The mobile source planning group within the Bureau of Air Quality Planning is responsible for controlling emissions of criteria air pollutants from mobile sources. Mobile sources consist of on-road vehicles including cars, trucks, buses and motorcycles and non-road equipment such as lawn mowers, boats, forklifts, locomotives, trimmers and construction equipment. The criteria air pollutants are: carbon monoxide, lead, nitrogen dioxide, ozone (formed from volatile organic compounds and nitrogen dioxide), particulates and sulfur dioxide.

Three other groups within the DEP have been established to address the related areas of motor vehicle inspection and maintenance, diesel emissions from mobile sources (diesel risk reduction team), and the New Jersey Clean Car Act of 2004.

Highlights of the activities of the mobile source planning group are provided below.

  • State Implementation Plan Preparation – The State Implementation Plan (SIP) is a written plan required by the Federal Clean Air Act that states must prepare when the levels of criteria air pollutants exceed Federal health-based standards within the state boundaries.

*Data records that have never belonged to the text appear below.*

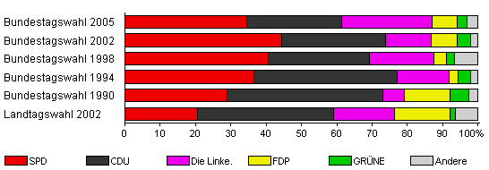 | Landtagswahl 2002 | 56,4 | 20,5 | 38,5 | 17,3 | 15,7 | 1,5 | 6,6 | |
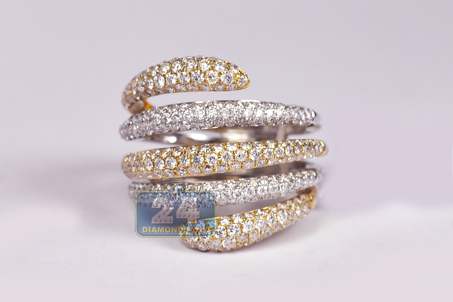 14K Two Tone Gold 2.45 ct Diamond Womens Multiband Ring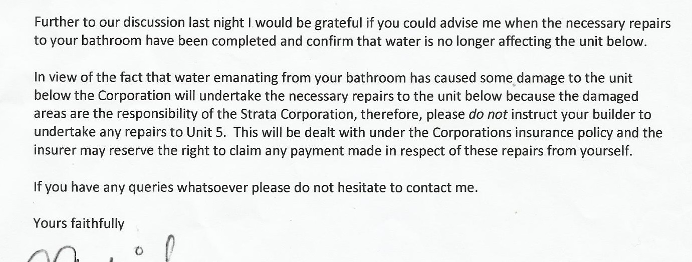 你好! 资料不详尽,很难给你一个明确的法律意见。 我提议你拿这封信连同相关文件一并,找一位律师,并详述事情的经过,拿取一个法律的意见。 一般来说,这些情况都不是容易解决的。 最主要是你有Strata Corporation。Strata Corporation很多时候都会开会决定怎么样处理这些漏水的问题。 此致 郑玉桂律师敬上 澳大利亚国际公证律师 ------------------------------------------------ 澳大利亚国际公证及移民律师 电邮:[email protected] 电话:00618-8359 2526 传真:00618-8359 2843 地址:1/F Pulteney Centre, 186 Pulteney Street, Adelaide SA 5000 |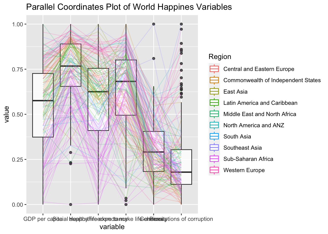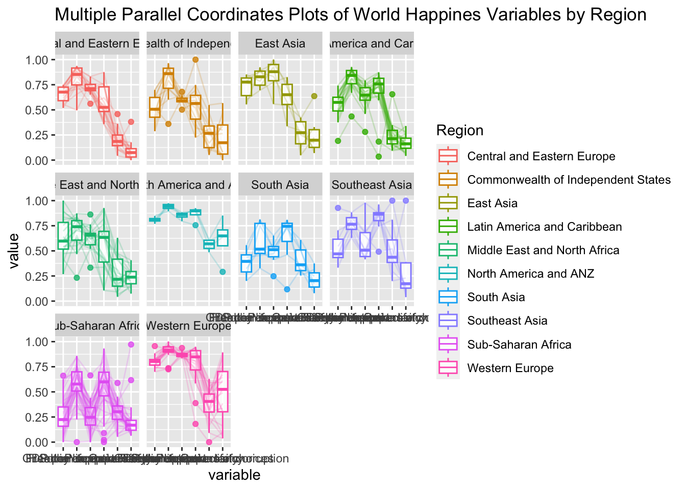 title = "Multiple Parallel Coordinates Plots of World Happines Variables by Region") +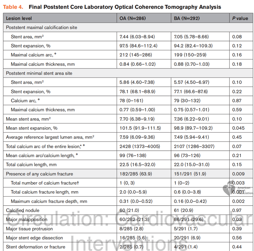 在整个OCT子研究队列中,术后即刻测得的最大钙化弧、最大钙化厚度及钙化总长度分别为204°(四分位距149°–268°)、0.85 mm(0.69–1.03 mm)和22.0 mm(16.0–31.0 mm),两组间差异均无统计学意义。最大钙化部位的OCT定义最小支架面积(MSA)普遍较大,OA组与BA组差异不显著:OA组中位数 7.44 mm²(6.03–8.94 mm²),BA组中位数 7.05 mm²(5.78–8.66 mm²),P = 0.08。全支架段的MSA同样无显著差异:OA组 5.86 mm²(4.60–7.38 mm²),BA组 5.57 mm²(4.50–6.97 mm²),P = 0.10。支架背侧的钙化断裂在OA组显著多于BA组,且OA组的钙化断裂数量、总长度及最大深度均更大。主要贴壁不良(major malapposition)发生率BA组高于OA组:BA组 29.6 %,OA组 21.3 %,P = 0.03。主要夹层(major dissection)和组织突出(tissue protrusion)发生率两组间无差异。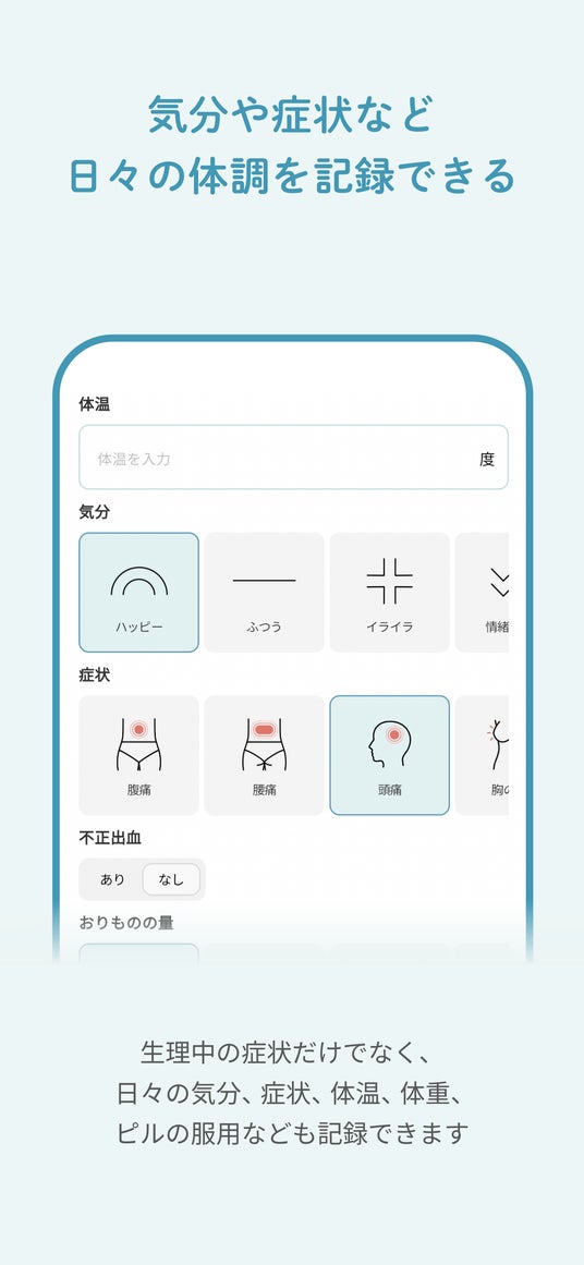 生理痛やイライラなどの生理中の症状だけでなく、日々の気分、症状、体温、体重、ピルの服用なども記録できます。

A primary purpose of the SIP is to demonstrate how emissions will be reduced to achieve attainment and subsequent maintenance of the air quality standards. The mobile source planning group is responsible for the preparation of detailed emission inventories for the various mobile sources, as well as the identification and evaluation of potential control measures to reduce emissions from mobile sources. Emission inventories are developed for New Jersey using detailed computer models issued and maintained by the US Environmental Protection Agency for on-road and non-road sources.

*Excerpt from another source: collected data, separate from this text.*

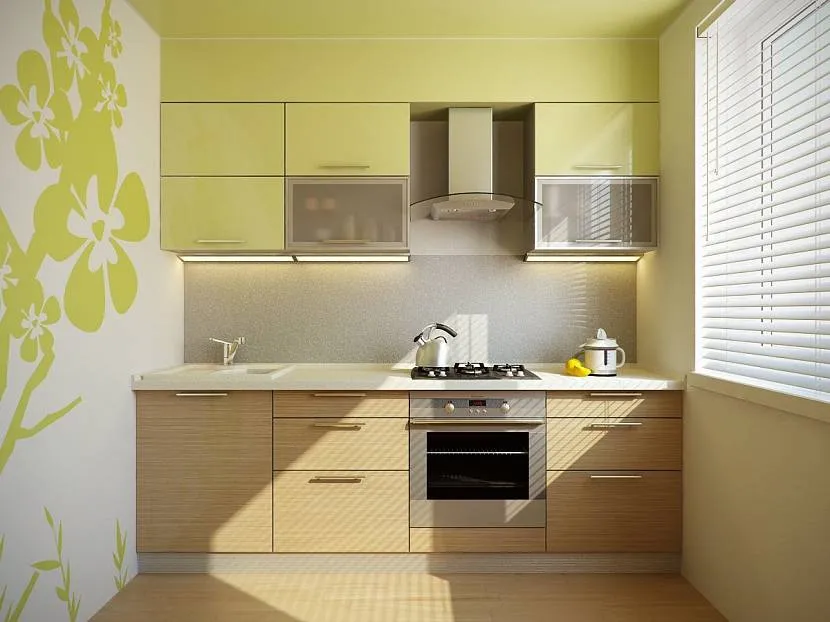 Одна стена будет вдоль себя располагать кухонный гарнитур, варочную поверхность, духовку и раковину. Для расположения холодильника выбирается другая стена. Обеденный стол маленькой кухни в этом случае перемещают к окну.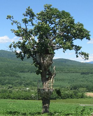 みの虫型のツリーハウスが柏の木にくっついています。当然と言えば当然ですが立ち入り禁止。見に来た人みんながみんな登っていったら、壊れるだろうなあと思われる、頑丈ではない作りに見えます。
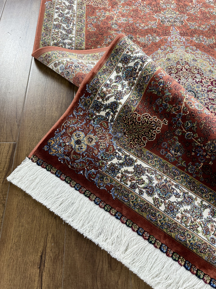 Цена. В сравнении с шёлковыми коврами ручной работы эти ковры в несколько раз дешевле. Разница в цене объясняется не только тем, что натуральный шёлк – невероятно дорогой и сложный в производстве и окрашивании материал, но и тем, что на изготовление 1м2 сопоставимого качества ковра ручной работы требуется около 3 месяцев.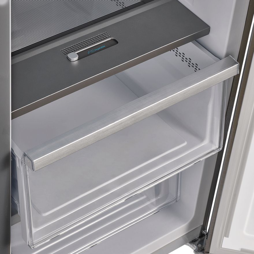 Управление холодильником осуществляется электронно, при помощи сенсорных переключателей. На дисплее отображается текущая температура и другие важные параметры. В случае открытия двери или повышения температуры в морозильном отделении, звуковая сигнализация оповестит пользователя об этом. Кроме того, модель оборудована блокировкой от детей, что делает ее использование безопасным в семьях с маленькими детьми.

  • Transportation and General Conformity – The Federal Clean Air Act requires that states conduct Transportation and General Conformity determinations in areas that exceed, or used to exceed, the Federal health-based standards. In New Jersey this applies to various areas due to past or present exceedances of the ozone, fine particle and carbon monoxide standards. “Conformity” refers to conforming to, or being consistent with, the SIP. Transportation conformity is demonstrated by comparing future projections of emissions from on-road vehicles with emission budgets that were established in the SIP. Mobile source planning staff are responsible for establishing new and updated emission budgets and participating in an inter-agency group that implements the Transportation Conformity requirements. While Transportation Conformity applies to emissions from on-road vehicles, General Conformity applies to Federally funded or Federally permitted construction projects. General Conformity evaluations consist of a comparison of estimated project emissions to threshold levels. If project emissions exceed threshold levels the project owner or sponsor must perform emission mitigation measures that reduce emissions by the amount of estimated project emissions.

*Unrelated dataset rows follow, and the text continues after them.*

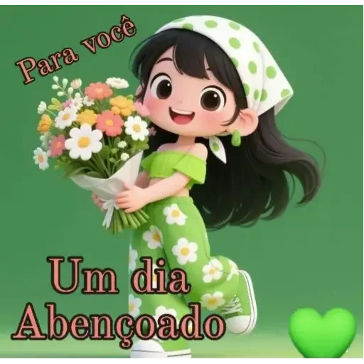 A girl with long black hair and a green and white hat holding a bouquet of flowers, with the text 'Para você Um dia Abengoad'.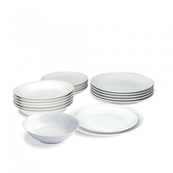 Forme essenziali che esaltano la purezza della porcellana bianca, ideale per una tavola da tutti i giorni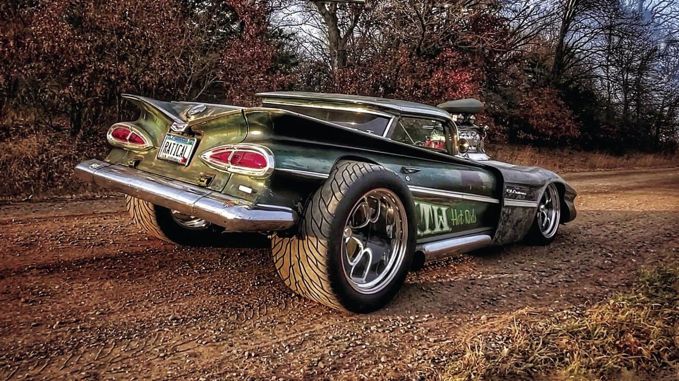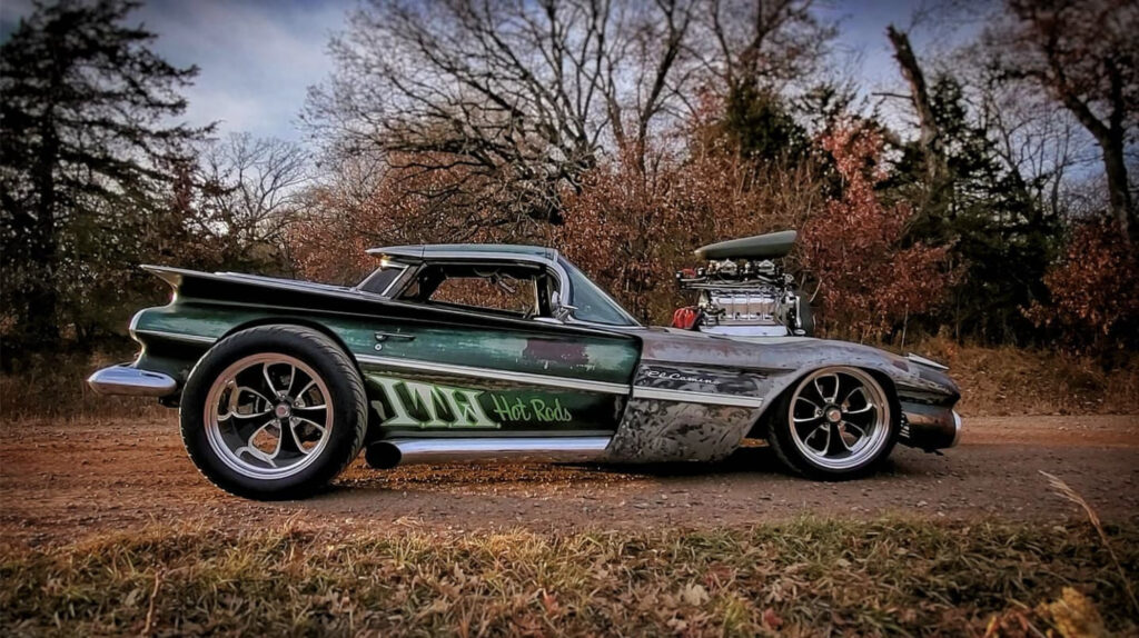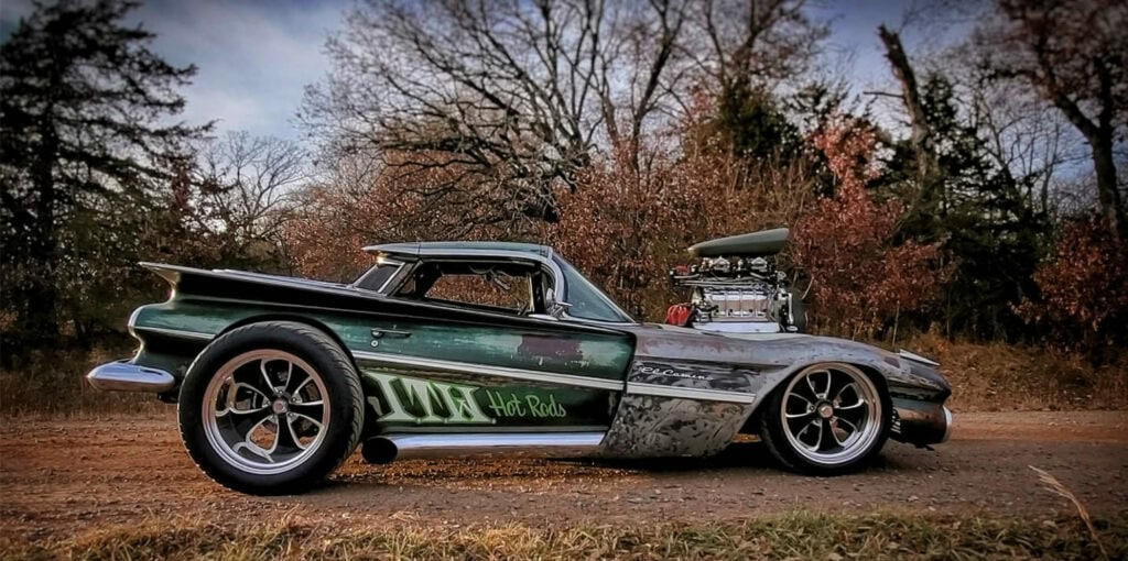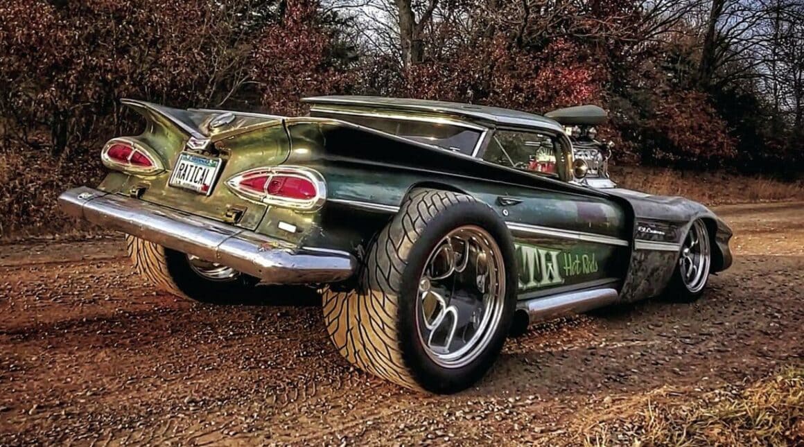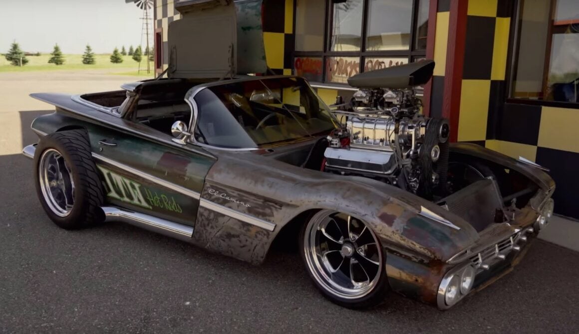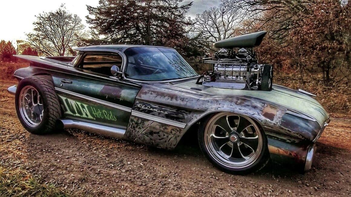 -Bien, il me semble être temps d’en venir à la voiture “illustrante”… Il s’agit de la première génération de la Chevrolet El Camino n’a été produite que pendant deux ans, de 1959 à 1960, lorsque les commandes ont chuté et que sa production a été abandonnée. Cela n’en a peut-être pas l’air, mais cette “Hulk Camino” a l’âme et le corps d’une Chevrolet El Camino de 1959. Le propriétaire actuel l’a trouvé derrière un garage, l’a acheté et a commencé à y travailler dès le lendemain, la transformant en une combinaison entre un Hot Rod, un Rat Rod et une Street Machine… Cette Camino n’est plus la “chose” rouillée de partout qu’elle était initialement. Elle est est équipée d’un moteur V8 Chevy 400ci qui développe 811cv, mais, même ainsi, elle n’atteint qu’une vitesse de pointe de 140 m/ph (225 km/h) car elle pèse pèse 2.300 lb (1.043 kg) et se balance sur des pneus de 31 pouces. La carrosserie a été coupée et modifiée à peu près partout, mais les tôles qui s’y trouvent sont presque toutes celles d’origine, quoique les ailes avant et le capot ont été fortement remodelés.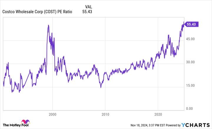 شراء أسهم كوستكو بالجملة (ناسداك: التكلفة) عند نسبة سعر إلى ربح أقل لا ممكن الآن. حتى كتابة هذه السطور، يتم تداول أسهم كوستكو بمعدل 55 ضعف أرباحها، وهي المرة الثانية فقط في تاريخها التي تتجاوز فيها نسبة السعر إلى الربحية 50.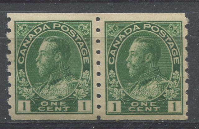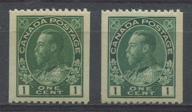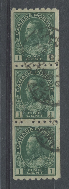 This coil issue was also experimental, as it only covered the period from 1915 to 1924. Unitrade lists both dark green and blue green shades for this coil, and neither shade corresponds to those shades described as either dark green or blue green in the other listings as we shall see.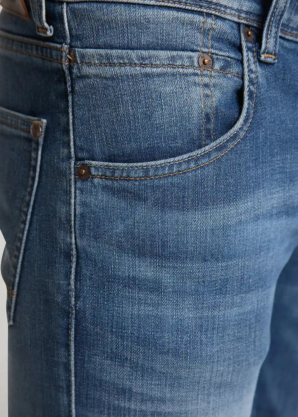 Izjemno Mustang kavbojke s ponošenimi spranimi predeli in nakazanimi ponošenimi gubami

  • Rule Preparation Support – Mobile source planning staff provide technical support for the preparation of rules that control mobile source emissions. This support often includes the calculation of emission benefits for one or more control scenarios.

  • Transportation Fuels – This task includes the performance of research and providing recommendations regarding both petroleum-based and alternative transportation fuels. Examples of recent transportation fuel issues include the sulfur content of gasoline and diesel, the requirements for the use of Federal Reformulated Gasoline, and the use of ethanol as a fuel.